Student researches communication gaps during health-care transitions


Laura Jones conducts thesis research on care transitions.

Editor's note: This story was first published in spring 2012. As of June 2012, Jones is an inaugural graduate of the School of Nursing.

Once, while working as a nurse for a home-care agency, Laura Jones arrived at a home only to discover five different care providers present to assist the couple who lived there. None of the caregivers knew the others planned to be there, and they were not fully versed on each other’s roles. The health-care providers convened an impromptu meeting to bring each other up to speed. For Jones, the situation provided just one more example of the disconnected, inefficient approach that characterizes so much of the health-care system.
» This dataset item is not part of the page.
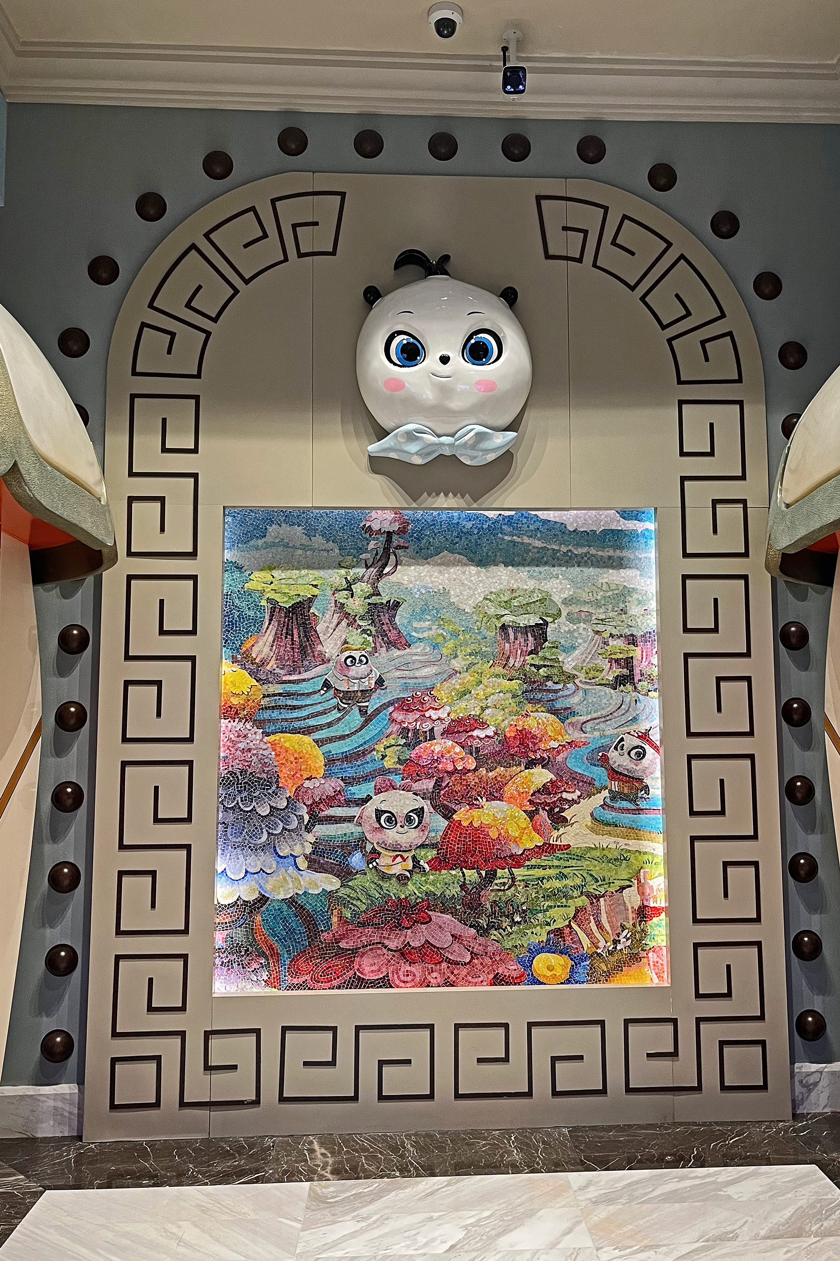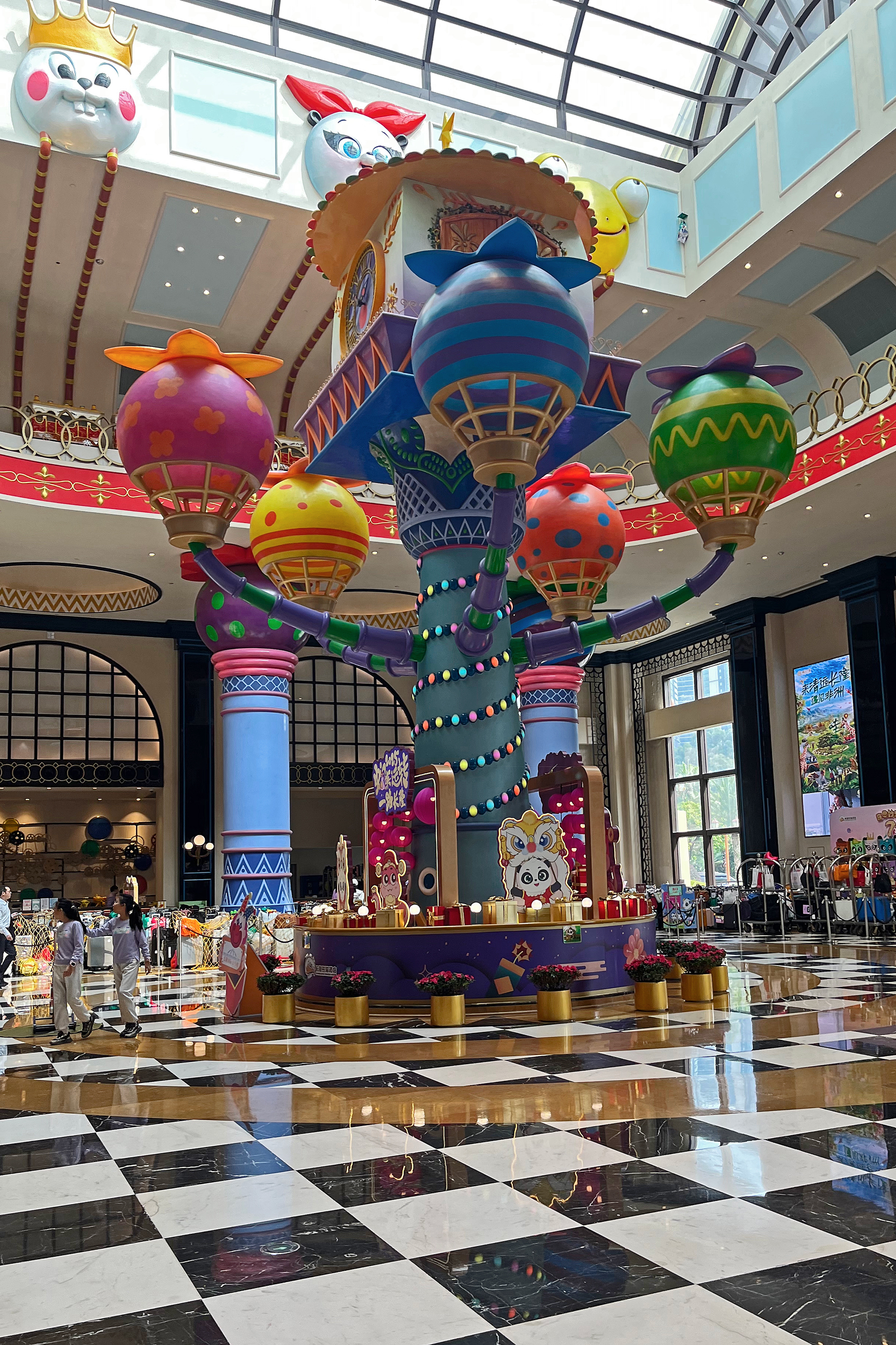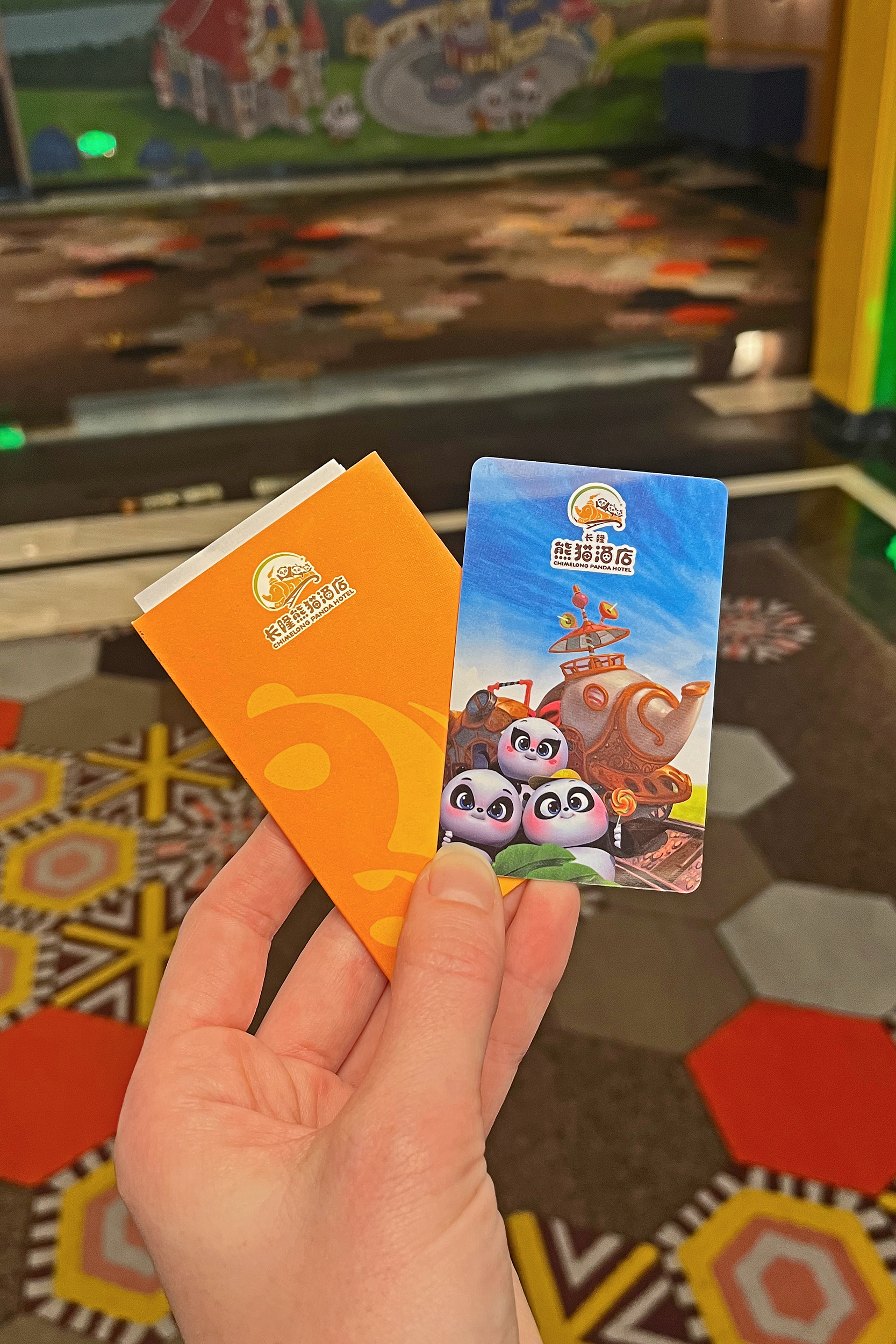 The general spaces around the hotel were also themed, with the lift lobby’s particularly impressive with beautiful mosaics. The main lobby was huge and quite stunning, with a huge skylight and a hot air balloon display in the middle. Here one side was for checking in, and one for checking out and luggage storage – there were signs for all 3 in both Chinese and English. When I checked in, the staff member didn’t speak English, but we had no problems communicating with my limited Chinese and a translate app. On checking out and leaving my luggage, staff at both these stations spoke English. There were a few gift shops on the main passageway as well, plenty of panda merch to buy, this was mostly the same as what was in the parks but I think I did see a few things here that was unique. There was also a stand selling the same animal ice lollies that were available in the park. There are several restaurant/dining options at the hotel, I didn’t eat at the hotel – I arrived at 2PM to check in and would have liked lunch, but lunch ended at 2PM, so maybe next time! It looked like they had a huge range of cuisines, so I think something for everyone.

Jones witnessed many such instances of duplicative and fragmented care during her more than three decades as a nurse. She saw individuals fail to understand changes that health-care providers made to their medications or their care plans during a health-care transition—a move from one care environment, such as from hospital to rehabilitation center or home. The communication gaps between people and their health-care providers—or among different health-care providers—sometimes led to errors or inferior health outcomes, according to Jones.

“The part of health care that has always bothered me is the disconnections, the silos,” Jones said. She repeatedly asked herself, “How in the world do we get people to talk to each other across the continuum of care?”

Now, as a master’s-degree student at the Betty Irene Moore School of Nursing, Jones is working to address that important question. She examines the role of electronic community health records in bridging the communication gaps that may occur when older adults who are living with chronic conditions move from one care environment to another. Her research looks at the utility of a Web-based software tool in facilitating communication and coordination among older adults’ various health-care providers, and in enabling them to be more involved in their health care.

“My passion is centered on finding a way for health-care providers to better connect to each other and also getting people to own their care plan,” Jones explained.

The software tool allows all of a person’s relevant health-care providers—including family members, home-health providers, nurses, doctors and others—to access, share and update key health-related information on a centralized, secure, Web-based system. The tool tracks medications, health conditions, health-care providers’ contact information, and outcomes from health-care meetings and appointments. Care providers can correspond with each other in privacy, and individuals can articulate health goals and log their progress.

“My passion is centered on finding a way for health-care providers to better connect to each other and also getting people to own their care plan."

—Master's-degree student Laura Jones

When no such system is in place, it often falls on the person being treated to share information between health-care providers, creating many opportunities for confusion and mistakes, Jones said.

Jones was a consultant in the development of the tool, contributing her decades of nursing experience and her observations of communication breakdowns during care transitions.

For her master’s thesis, Jones is collecting input from health-care providers in diverse settings and the people they treat regarding the communication gaps they have seen or experienced, to gauge the tool’s usefulness and explore possible enhancements. She hopes her research will lead to improved coordination among health-care providers, and improved health among the people they treat.

“We keep doing the same thing over and over and getting the same results,” Jones said of the current health-care system. “I know we can do better.”

Philanthropy has enabled Jones to pursue her graduate education and delve more deeply into her research project. In addition to financial support through the Gordon and Betty Moore Foundation’s founding grant to establish the School of Nursing, Jones received the Constant M. and Tempest B. van Vlierden Scholarship in Nursing and the Senior Citizens of Davis Award. Receiving a scholarship is a heartening and confidence-building endorsement of her research, Jones said.

“It’s very uplifting,” she said.

The School of Nursing, with its emphasis on interprofessional education, is an excellent fit for Jones, who herself has a vision of transdisciplinary care.

“I want to teach someday, and I’ll want my future students to think outside the box.”